Sealed interface: Animal
We start with an Animal interface, marked sealed, permitting only Chordata to implement it.
sealed interface Animal permits Chordata {
void eat();
}
One note: a sealed interface’s permits list can include either classes or interfaces. An interface that extends a sealed interface can only be sealed or non-sealed — a final interface wouldn’t mean anything. (Though since Java 8 added default methods to interfaces, you could argue a non-extensible, non-implementable interface still has some use as a container for static constants or default behavior.)
Sealed class: Chordata
Chordata implements the Animal interface’s eat() method and permits only Bird to extend it.
sealed class Chordata implements Animal permits Bird {
public void eat() {
System.out.printf("I'm %s, I'm eating.%n",
getClass().getSimpleName());
}
}
Sealed class: Bird
Next is Bird, which permits only Parrot and Penguin to extend it. Most birds can fly, so we add a fly() method.
sealed class Bird extends Chordata permits Parrot, Penguin {
public void fly() {
System.out.printf("I'm %s, I'm flying.%n",
getClass().getSimpleName());
}
}
Non-sealed class: Parrot
Parrot is marked non-sealed, which turns it back into a regular class any other class can extend. Not every parrot species talks, but most of them sing, so we add a sing() method.

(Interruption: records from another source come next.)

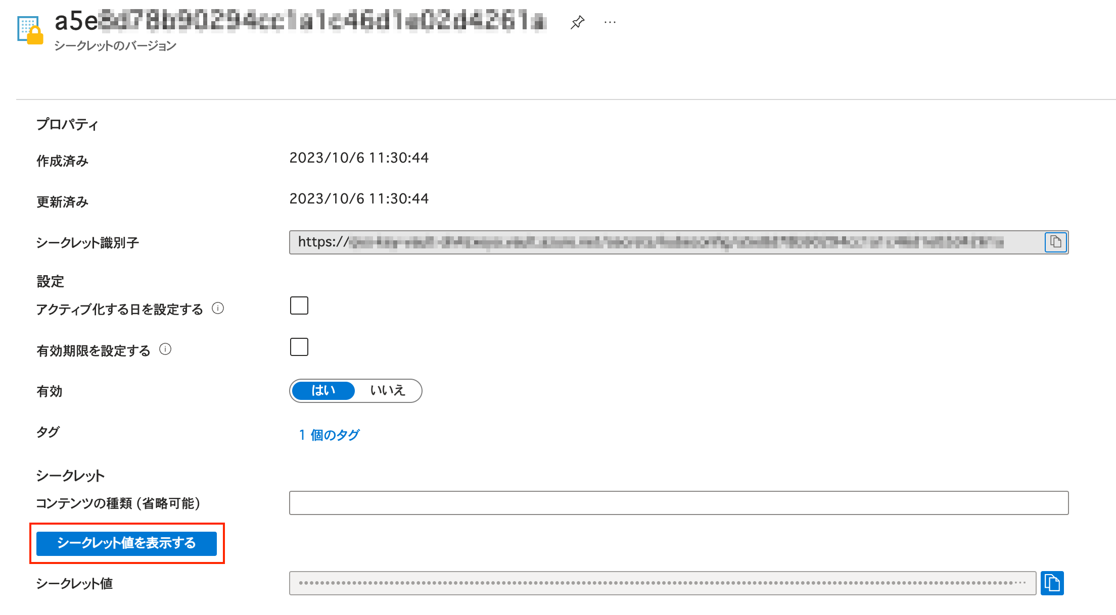 6. シークレット情報の画面に移動したら、画面下部の シークレット値を表示する ボタンをクリックします。
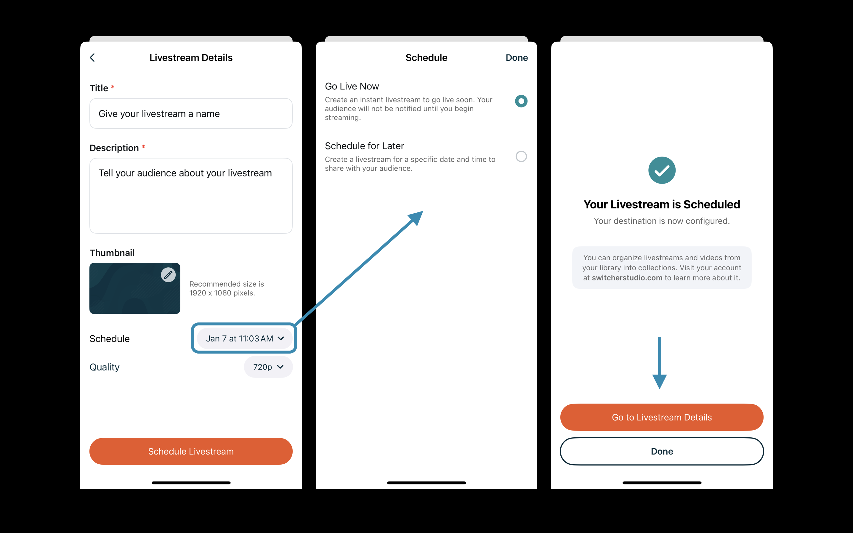 After selecting a stream Quality, tap Schedule Livestream
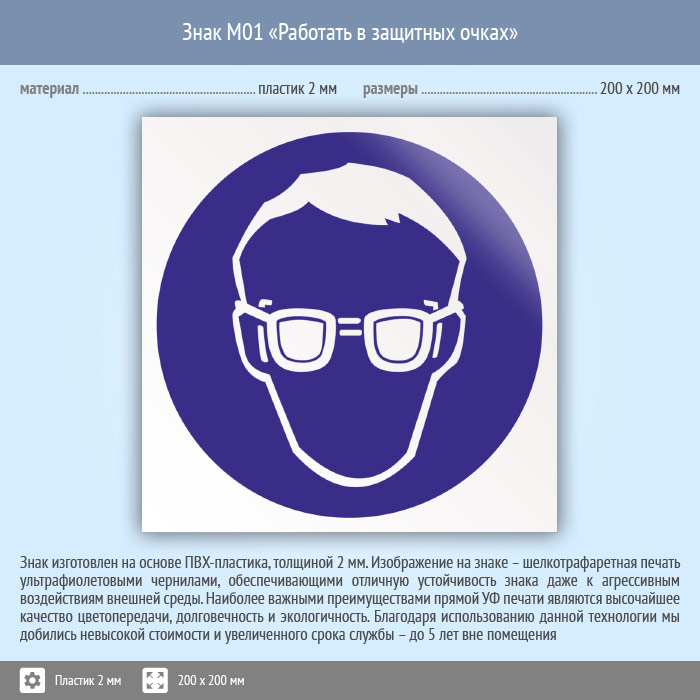 Знак M01 «Работать в защитных очках» (пластик, 200х200 мм) в Верее купить
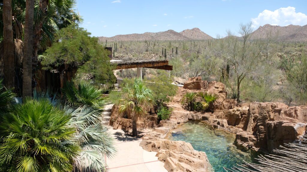 After dinner, we wandered out to the pool – an incredible, stone-carved desert pool with its own waterfall and a shockingly deep end.
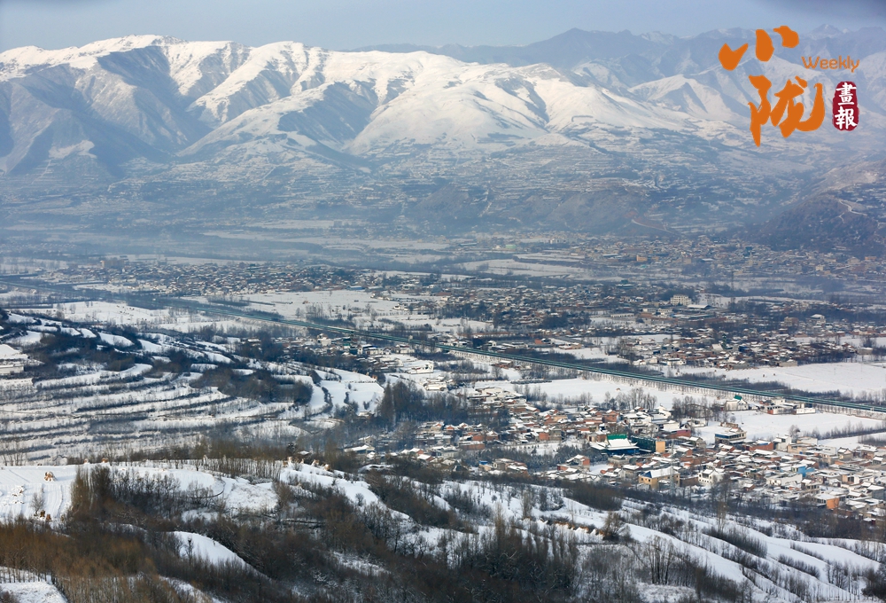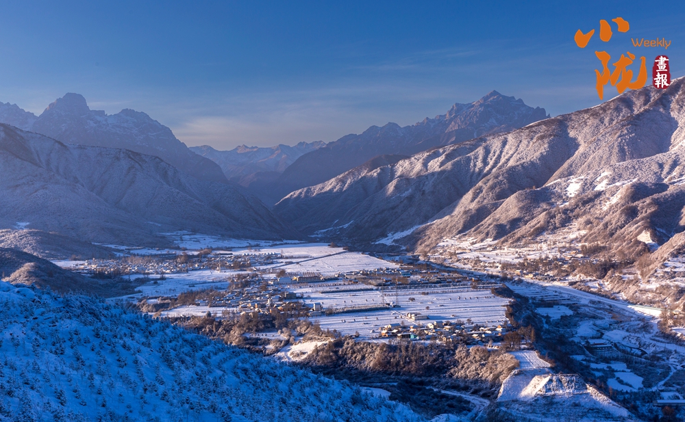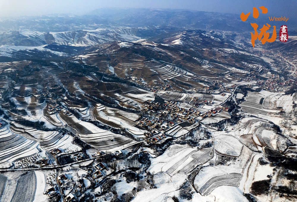 道路、溝壑、樹木、村落,被皚皚的白雪所覆蓋,呈現(xiàn)出一片“雪落山川白,美景入畫來(lái)”的美麗景象。
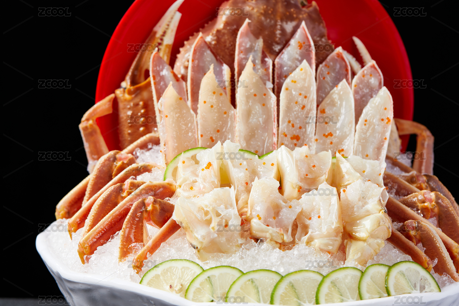 高档自助餐海鲜餐台摆放的帝王蟹腿

non-sealed class Parrot extends Bird {
public void sing() {
System.out.printf("I'm %s, I'm singing.%n",
getClass().getSimpleName());
}
}
Normal class: GrayParrot
GrayParrot extends Parrot. Because Parrot is non-sealed, it’s effectively a normal class and any class can extend it. African gray parrots are famously talkative, so we add a talk() method.

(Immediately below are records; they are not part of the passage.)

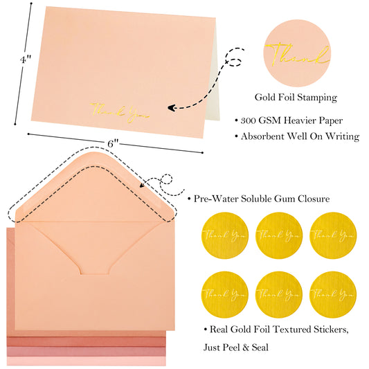 Crisky 50 Pack Thank You Greeting Cards With Envelope Peach Thank You Cards for Wedding/Bridal Shower/Baby Shower/Business/Graduation
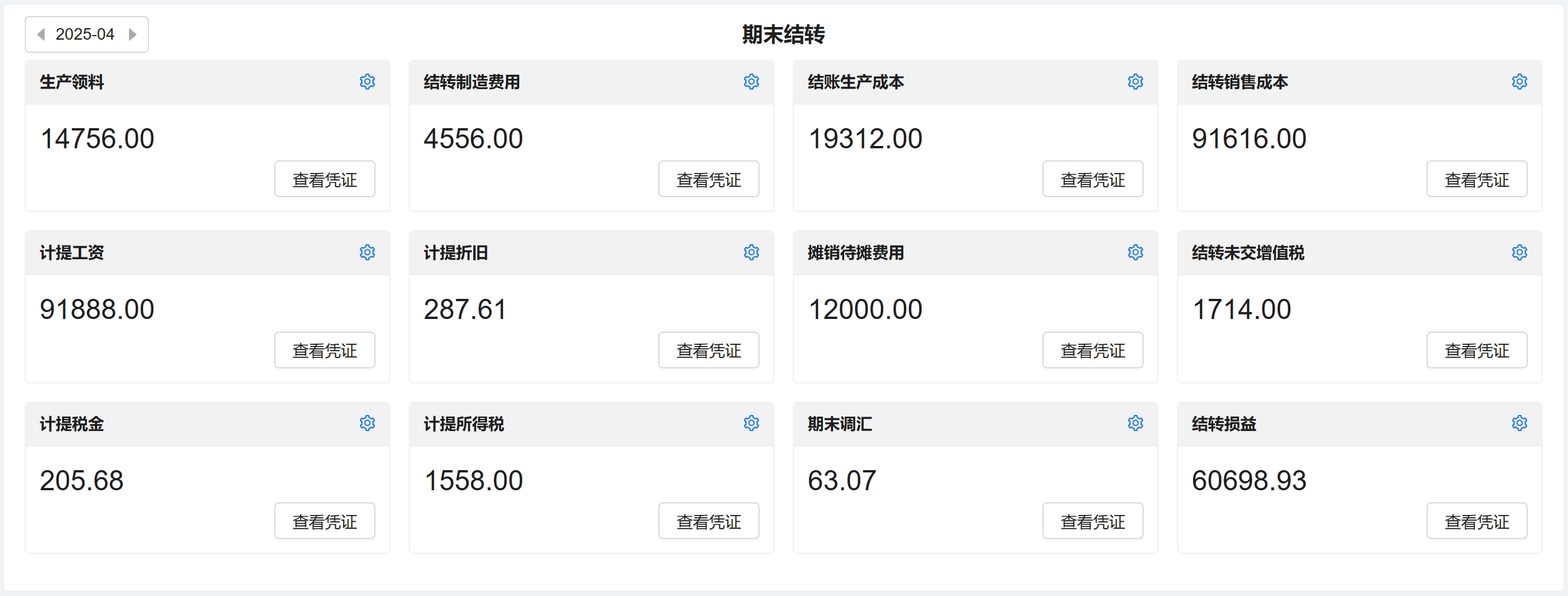 此界面用于创建各类期末会计凭证,确保期末账务处理的准确性和效率;系统内置了12张结转卡片,卡片上的金额是系统根据凭证记录或模块数据自动计算所得,点击新建凭证可以创建相应的凭证;如果凭证已创建,点击查看凭证即可查看/修改/删除凭证,如下图:
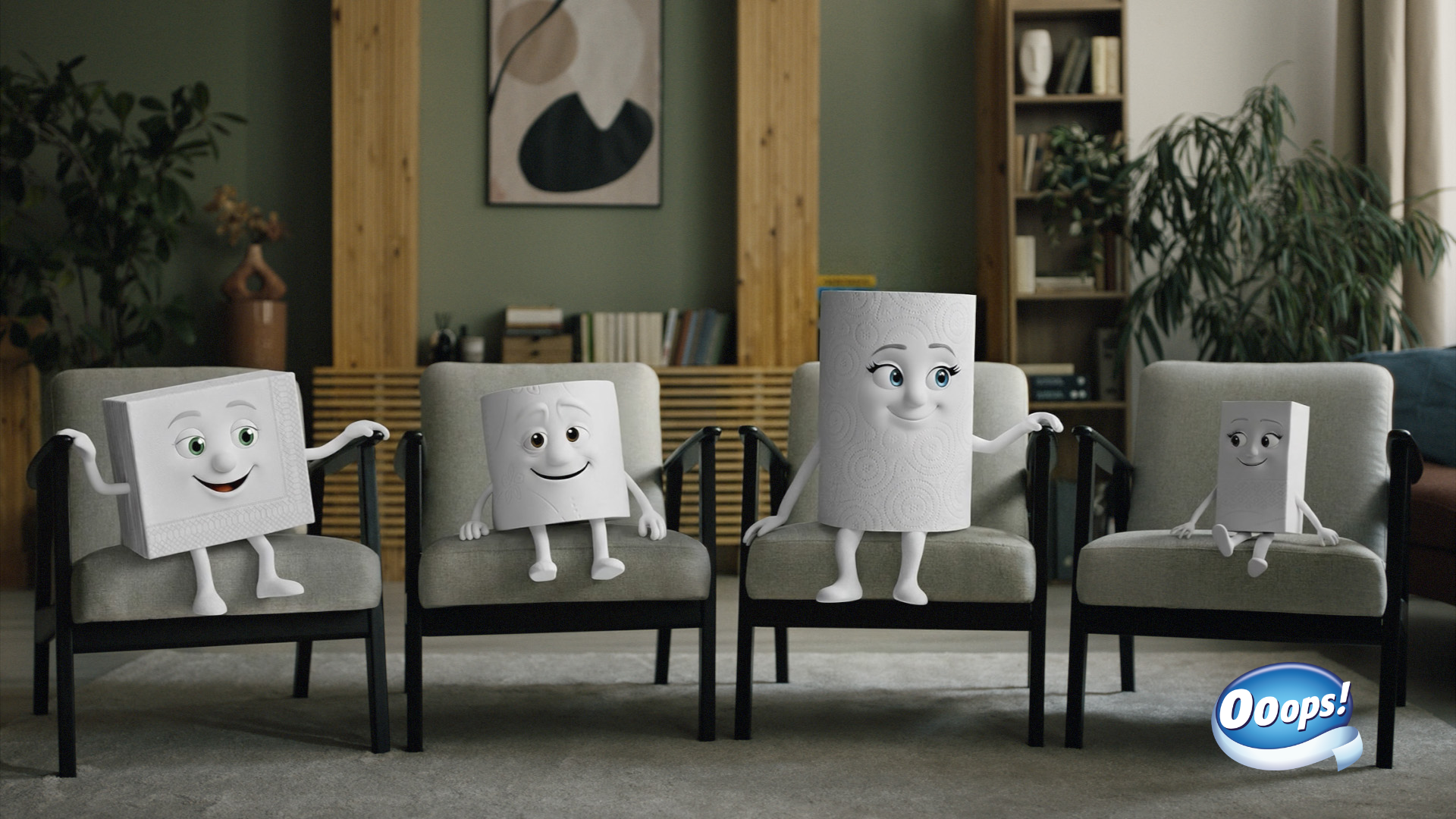 A kreatív koncepció a takarításhoz kapcsolódó mindennapi frusztrációkat dolgozza fel, azonban nem az emberek, hanem az életre kelt papírtermékek szemszögéből. A papírtörlő, zsebkendő, szalvéta és toalettpapír „terápiás” helyzetben osztja meg saját problémáit, humoros, többértelmű szójátékokra építve. A megközelítés egyszerre oldja a háztartási káosz feszültségét és pozícionálja az Ooops! márkát, mint támogató, szerethető mindennapi társat.
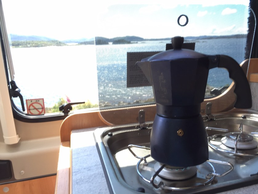 Og så ble det litt kaffe på Ognøy, før siste ferjestrekk. Da kom solen og 🙂 Nå er vi klar for siste innsats med jobbing, og så er det tur i noen uker fra neste fredag. Litt småjusteringer på bil og pakking, men jeg føler meg skrekkelig klar og ikke lite utålmodig!

class GrayParrot extends Parrot {
public void talk() {
System.out.printf("I'm %s, I'm talking.%n",
getClass().getSimpleName());
}
}
Final class: Penguin
Finally, Penguin extends Bird and is marked final, so no class can extend Penguin. Penguins can’t fly, so we override fly() accordingly, and we add a swim() method since they do swim.

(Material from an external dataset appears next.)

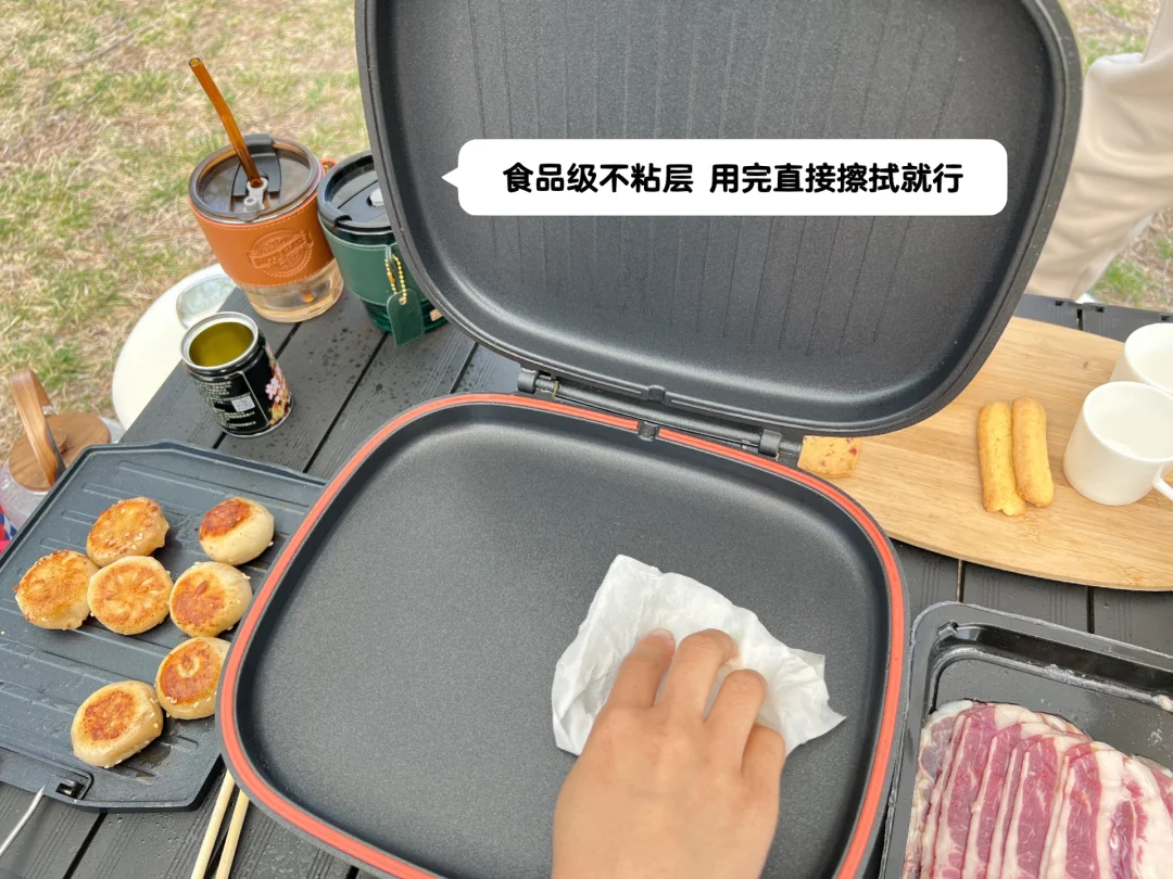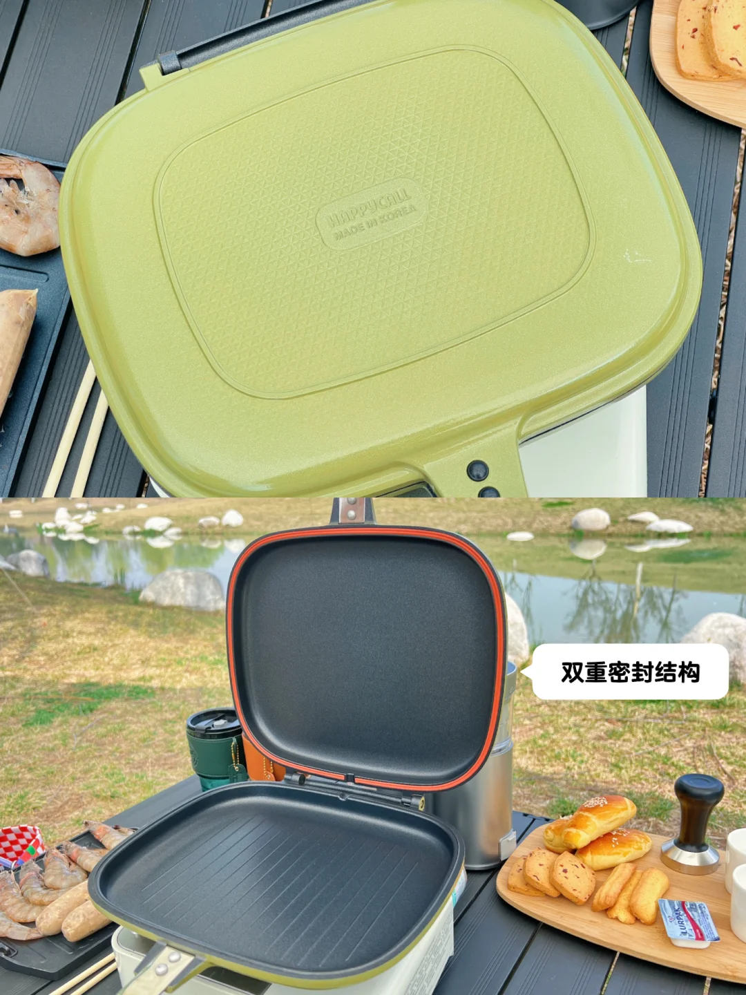种草这款happycall双面蒸煎锅,外观设计好看,操作起来很方便。煎的时候盖上盖子,后面有个出气孔,可以翻转过来双面煎,不会溅油出来,比户外打烤盘做食物更快,用完也很好清理,纸一擦就干净了。

final class Penguin extends Bird {
@Override
public void fly() {
System.out.printf("I'm %s, I can't fly.%n",
getClass().getSimpleName());
}
public void swim() {
System.out.printf("I'm %s, I'm swimming.%n",
getClass().getSimpleName());
}
}
Putting it together
var chor = new Chordata();
chor.eat(); // I'm Chordata, I'm eating.
var bird = new Bird();
bird.eat(); // I'm Bird, I'm eating.
bird.fly(); // I'm Bird, I'm flying.
var part = new Parrot();
part.eat(); // I'm Parrot, I'm eating.
part.fly(); // I'm Parrot, I'm flying.
part.sing(); // I'm Parrot, I'm singing.
var gray = new GrayParrot();
gray.eat(); // I'm GrayParrot, I'm eating.
gray.fly(); // I'm GrayParrot, I'm flying.
gray.sing(); // I'm GrayParrot, I'm singing.
gray.talk(); // I'm GrayParrot, I'm talking.
var peng = new Penguin();
peng.eat(); // I'm Penguin, I'm eating.
peng.fly(); // I'm Penguin, I can't fly.
peng.swim(); // I'm Penguin, I'm swimming.